I tell him what I want, and Donald—as eager to please as ever—agrees. As I start back toward the end of the block, where the woman I came to see is now being helped to punch by the mayor, Donald calls after me. “I never caught your name.”

“Amberson,” I tell him over my shoulder. “George Amberson.”

“And you want it at eight-fifteen?”

“On the dot. Time is of the essence, Donald. Let’s hope it cooperates.” Five minutes later, Donald Bellingham nukes Jodie with “At the Hop” and dancers fill the street under the Texas sunset.

8

At ten past eight, Donald plays a slow Alan Jackson tune, one even grown-ups can dance to.

Sadie is left alone for the first time since the speechifying ended, and I approach her. My heart beating so hard it seems to shake my whole body.

“Miz Dunhill?”

She turns, smiling and looking up a little. She’s tall, but I’m taller. Always was. “Yes?”

“My name is George Amberson. I wanted to tell you how much I admire you and all the good work you’ve done.”

Her smile grows a little puzzled. “Thank you, sir. I don’t recognize you, but the name seems familiar. Are you from Jodie?”

I can no longer travel in time, and I certainly can’t read minds, but I know what she’s thinking, just the same. I hear that name in my dreams.

“I am, and I’m not.” And before she can pursue it: “May I ask what sparked your interest in public service?”

Her smile is now just a lingering ghost around the corners of her mouth. “And you want to know because—?”

“Was it the assassination? The Kennedy assassination?”
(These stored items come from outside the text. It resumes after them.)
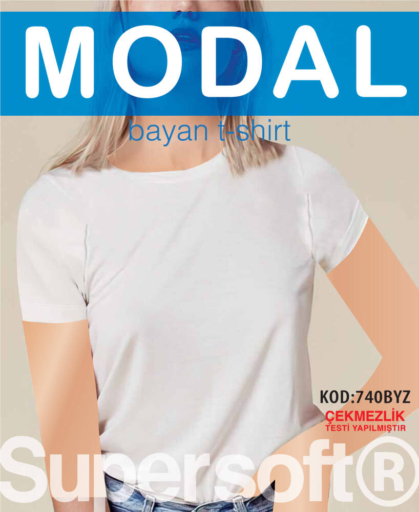 STAR KADIN BEYAZ MODAL SIFIR YAKA KISAKOL T-SHİRT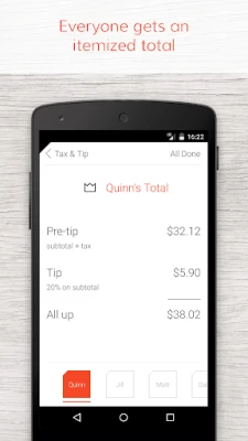 • Select which items each person ordered. Everyone with Tab on their phone can join onto the bill and select their own items – Tab keeps everything synced in real time.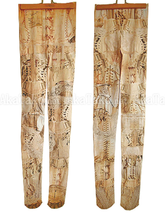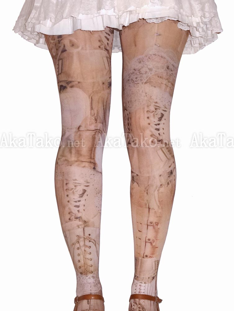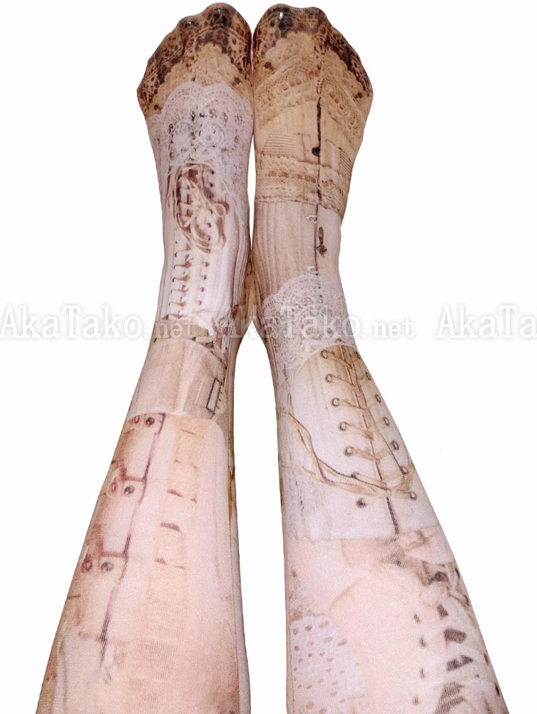Footed tights featuring vintage medical corsets are a design collaboration between Lhiannan and Shee. All of the straps, buckles, and laces you could ever hope to fit on your legs! Brown, natural, and blush tones. Can be worn frontwards or backwards.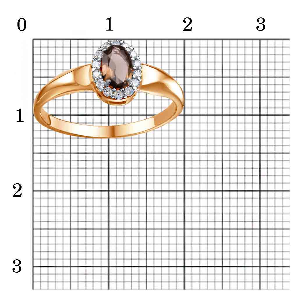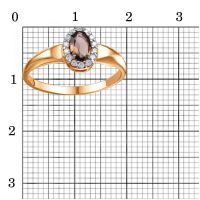 Характеристика вставок Дымчатый кварц Овал 0,3ct 6х4мм 1шт; Фианит (недраг. камень) Круг 1,25мм 14шт
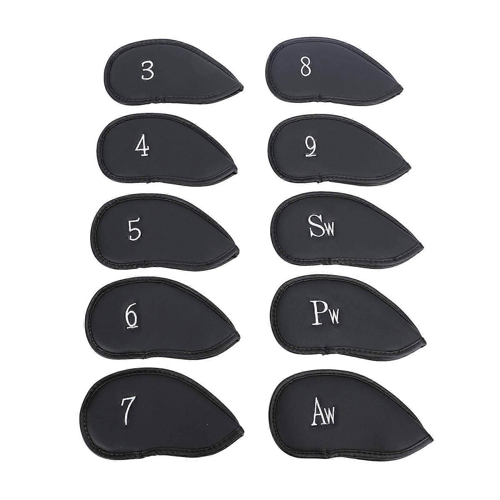 10pcs Golf Club Head Cover Pu Leather Protective Abrasion Resistant Easy To Clean For Most Standard Clubs

“Why . . . I guess it was, in a way. I like to think I would have gotten involved in the wider world anyway, but I suppose it started there. It left this part of Texas with . . .” Her left hand rises involuntarily toward her cheek, then drops again. “. . . such a scar. Mr. Amberson, where do I know you from? Because I do know you, I’m sure of it.”

“Can I ask another question?”

She looks at me with mounting perplexity. I glance at my watch. Eight-fourteen. Almost time. Unless Donald forgets, of course . . . and I don’t think he will. To quote some old fifties song or other, some things are just meant to be.